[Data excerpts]
....................

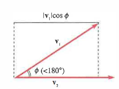 \[ \mathbf{v}_{1} \cdot \mathbf{v}_{2} = v_{1}\, v_{2}\, \cos \phi \]
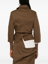 double-breasted jacket Highlights - Olive green - Concealed front zip fastening - Gathered detailing - Fitted waistline - Long sleeves Made in United States Composition Cotton 97%, Spandex/Elastane 3% SIZE & FIT Model measurements Height 5 ft 11 in(1.8 m) Bust/Chest 32.67 in(83 cm) Hips 36.22 in(92 cm) Waist 24.4 in(62 cm) FittingInformation Designed for a slim fit that sits just away from the body offering a close yet comfortable fit Made from a midweight stretch fabric, this piece offers elasticity and flexibility when worn
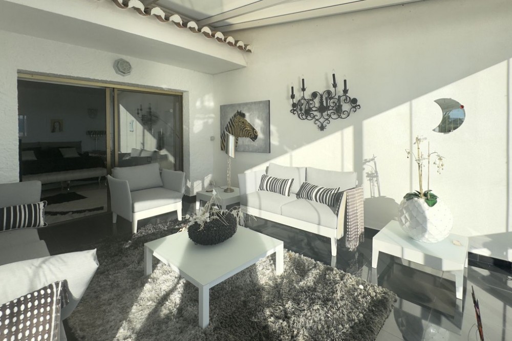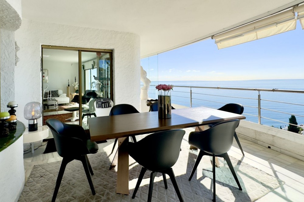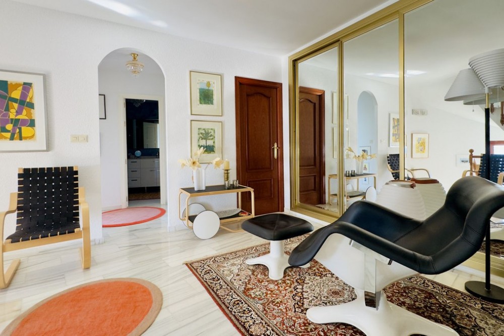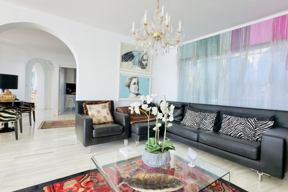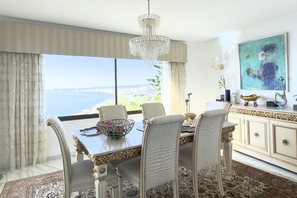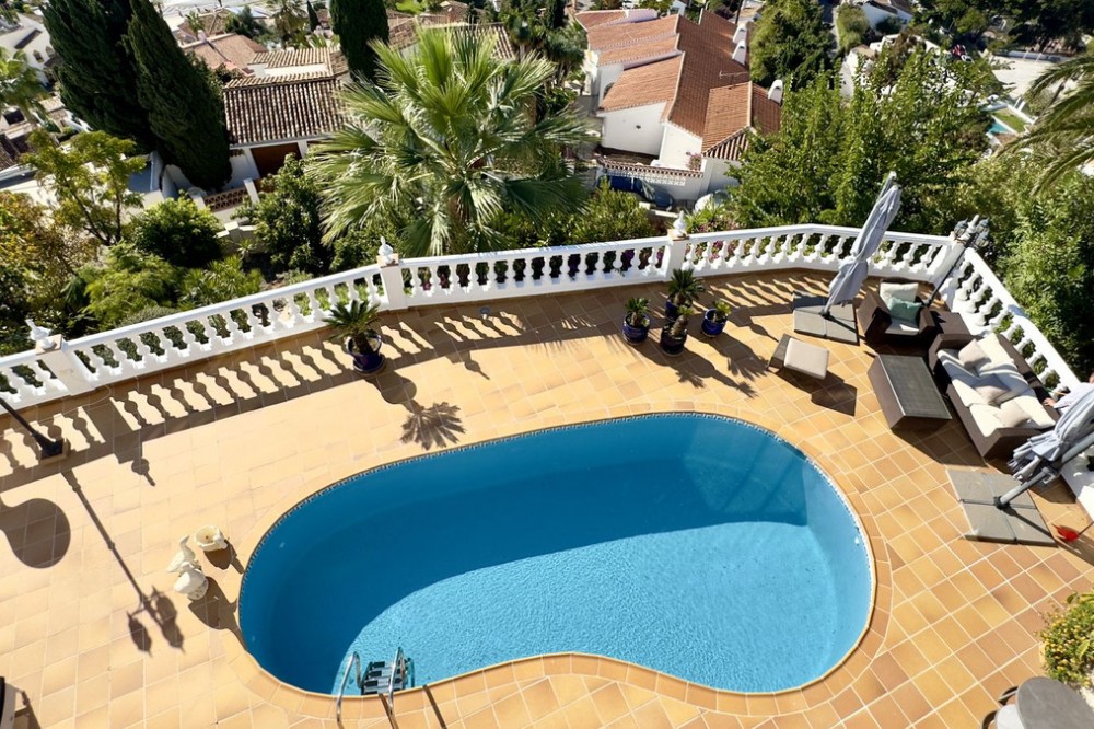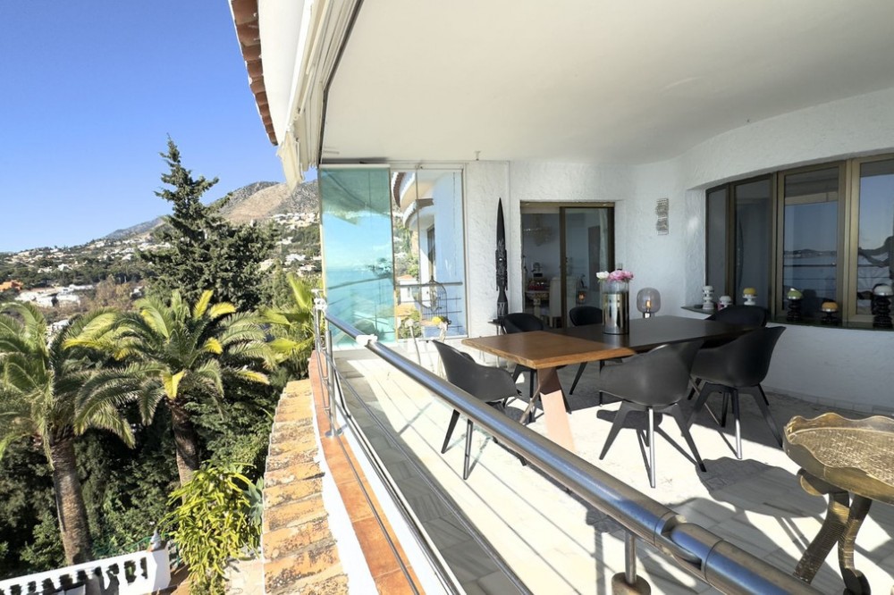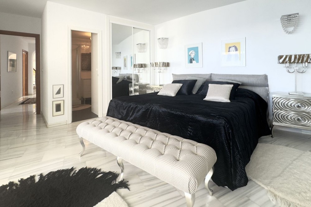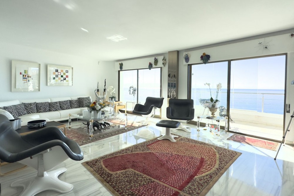 - Commanding a privileged position in an elevated coastal setting within one of Benalmádena’s most prestigious enclaves, this exceptional villa stands as a distinguished landmark. From its gently raised vantage point, it reveals sweeping, majestic views over the shimmering Mediterranean Sea—an ever-changing panorama that embodies true coastal luxury. Offering approximately 590 m² of refined living space, the property blends impressive architectural design, timeless elegance and outstanding privacy, creating a perfect sanctuary for those seeking uncompromising quality and exclusivity. Perfectly placed to enhance everyday living, the villa is just a short walk from the Torremuelle train station, the beach, inviting restaurants, local boutique shops, and a highly regarded international school. Excellent transport connections and a private garage complete this thoughtful and privileged setting. Main Living Level The principal floor welcomes you into a bright and spacious living area that opens onto a full-length glazed terrace. This impressive terrace frames the coastline in all its splendour, presenting the sea as a living work of art. The elegant dining area sits beside a separate, fully equipped kitchen, forming a sophisticated and functional layout that beautifully showcases the breathtaking views. Bedroom Level The dedicated bedroom floor hosts four remarkably large bedrooms, each offering wide, unobstructed sea views. This level also includes a cosy lounge, three beautifully finished bathrooms, a utility room and a second glazed terrace—a serene viewpoint overlooking the coastline. Pool & Entertainment Level Designed for relaxation and elegant gatherings, this level features a generous terrace surrounding the private pool, all embraced by spectacular, picture-perfect sea views. A dedicated lounge and dining area, together with a fully equipped kitchen, ensures effortless entertaining in a luxurious coastal atmosphere. Wellbeing Level The lowest floor is dedicated to tranquillity and wellness. Here you will find a soothing sauna, a comfortable living room and a private bedroom. Direct access leads to a landscaped garden where a welcoming jacuzzi awaits—an intimate outdoor haven set against cinematic Mediterranean vistas. This villa is more than a home—it is an expression of luxury, privacy and coastal beauty, representing a rare opportunity in one of the most sought-after locations on the entire Costa del Sol.
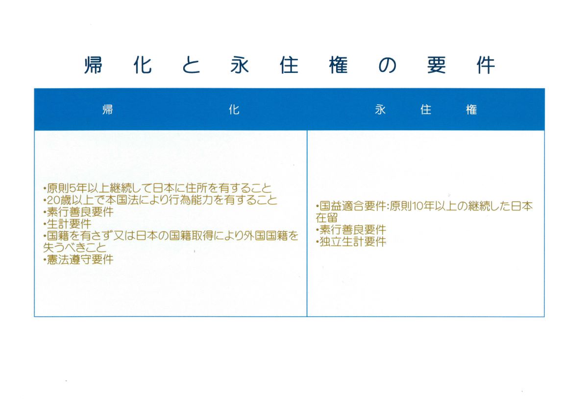 - ○ 『帰化』と『永住許可』の違いを考えてみましょう!
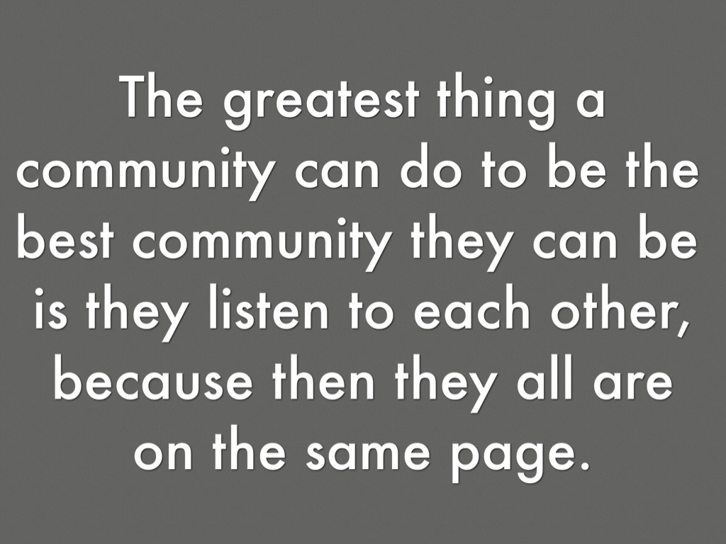 The greatest thing a community can do to be the best community they can be is they listen to each other, because then they all are on the same page.

....................

ACTION ITEM
All entries need to be duplicated exactly, apart from the images.

RESPONSE AREA
 \[ \mathbf{v}_{1} \cdot \mathbf{v}_{2} = v_{1}\, v_{2}\, \cos \phi \]
 double-breasted jacket Highlights - Olive green - Concealed front zip fastening - Gathered detailing - Fitted waistline - Long sleeves Made in United States Composition Cotton 97%, Spandex/Elastane 3% SIZE & FIT Model measurements Height 5 ft 11 in(1.8 m) Bust/Chest 32.67 in(83 cm) Hips 36.22 in(92 cm) Waist 24.4 in(62 cm) FittingInformation Designed for a slim fit that sits just away from the body offering a close yet comfortable fit Made from a midweight stretch fabric, this piece offers elasticity and flexibility when worn
 - Commanding a privileged position in an elevated coastal setting within one of Benalmádena’s most prestigious enclaves, this exceptional villa stands as a distinguished landmark. From its gently raised vantage point, it reveals sweeping, majestic views over the shimmering Mediterranean Sea—an ever-changing panorama that embodies true coastal luxury. Offering approximately 590 m² of refined living space, the property blends impressive architectural design, timeless elegance and outstanding privacy, creating a perfect sanctuary for those seeking uncompromising quality and exclusivity. Perfectly placed to enhance everyday living, the villa is just a short walk from the Torremuelle train station, the beach, inviting restaurants, local boutique shops, and a highly regarded international school. Excellent transport connections and a private garage complete this thoughtful and privileged setting. Main Living Level The principal floor welcomes you into a bright and spacious living area that opens onto a full-length glazed terrace. This impressive terrace frames the coastline in all its splendour, presenting the sea as a living work of art. The elegant dining area sits beside a separate, fully equipped kitchen, forming a sophisticated and functional layout that beautifully showcases the breathtaking views. Bedroom Level The dedicated bedroom floor hosts four remarkably large bedrooms, each offering wide, unobstructed sea views. This level also includes a cosy lounge, three beautifully finished bathrooms, a utility room and a second glazed terrace—a serene viewpoint overlooking the coastline. Pool & Entertainment Level Designed for relaxation and elegant gatherings, this level features a generous terrace surrounding the private pool, all embraced by spectacular, picture-perfect sea views. A dedicated lounge and dining area, together with a fully equipped kitchen, ensures effortless entertaining in a luxurious coastal atmosphere. Wellbeing Level The lowest floor is dedicated to tranquillity and wellness. Here you will find a soothing sauna, a comfortable living room and a private bedroom. Direct access leads to a landscaped garden where a welcoming jacuzzi awaits—an intimate outdoor haven set against cinematic Mediterranean vistas. This villa is more than a home—it is an expression of luxury, privacy and coastal beauty, representing a rare opportunity in one of the most sought-after locations on the entire Costa del Sol.
 - ○ 『帰化』と『永住許可』の違いを考えてみましょう!
 The greatest thing a community can do to be the best community they can be is they listen to each other, because then they all are on the same page.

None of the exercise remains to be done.